During the 1961 Berlin Crisis, the 139th ATS was federalized on 1 October 1961. From Schenectady, the 139th ATS augmented MATS airlift capability worldwide in support of the Air Force's needs. It returned again to New York State control on 31 August 1962.

During the 1960s, the Group flew scheduled MATS transport missions to Europe, Africa the Caribbean and South America. On 8 January 1966, Military Air Transport Service became Military Airlift Command (MAC) and the units were re-designated as the 109th Military Airlift Group and 139th was re-designated as the 137th Military Airlift Squadron.

With the retirement of the C-97 in 1971, the 109th became a Tactical Airlift Group and the 139th Tactical Airlift Squadron received eight C-130A Hercules transports and was transferred from MAC to Tactical Air Command.

The first major mission of the C-130s was in June 1972 when the squadron provided relief assistance to storm victims of Tropical Storm Agnes. 109th crews gave around-the-clock support to relief efforts. Operating mainly from the Broome County Airport at Binghamton, 109th crews provided the lion's share of airlift into stricken areas, particularly Elmira, where surface transportation was cut off. On 1 December 1974, the unit was transferred back to Military Airlift Command when MAC took over the tactical airlift mission from TAC, USAFE and PACAF air force wide.

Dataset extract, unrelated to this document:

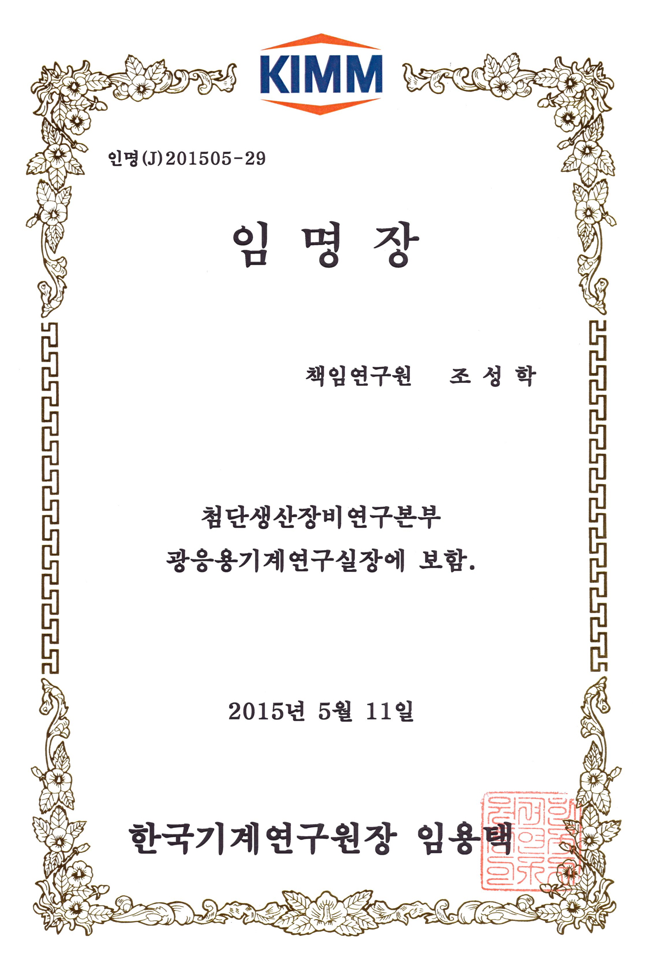 9. Çѱ¹±â°è¿¬±¸¿ø ±¤ÀÀ¿ë±â°è¿¬±¸½Ç ¿¬±¸½ÇÀåÀ¸·Î ÀÓ¸í (2015³â 5¿ù - )

===DEW Line/Antarctic Research Mission Support===
The Navy's Antarctic Development Squadron Six had been flying scientific and military missions to Greenland and the arctic Operation Deep Freeze compound's Williams Field since 1975. The 109th operated ski-equipped LC-130s had been flying National Science Foundation support missions to Antarctica since 1988. In early 1996, the United States National Guard announced that the 109th Airlift Wing at Schenectady County Airport in Scotia, New York was slated to assume that entire mission from the United States Navy in 1999. The Antarctic operation would be fully funded by the National Science Foundation. The wing expected to add approximately 235 full-time personnel to support that operation (which became Operation Deep Freeze). The 109th assumed responsibility for the Volant Distant Early Warning Line (DEW Line) resupply missions as well to the DYE-1, 2, 3 and DYE-4 stations. The 109th assumed the mission from the Air Force's Alaskan Air Command receiving their eleven C-130s, five of which were ski-equipped for landings on packed snow runways. In October 1984, the C-130D aircraft were replaced by eight new C-130H models, of which four were ski equipped LC-130s.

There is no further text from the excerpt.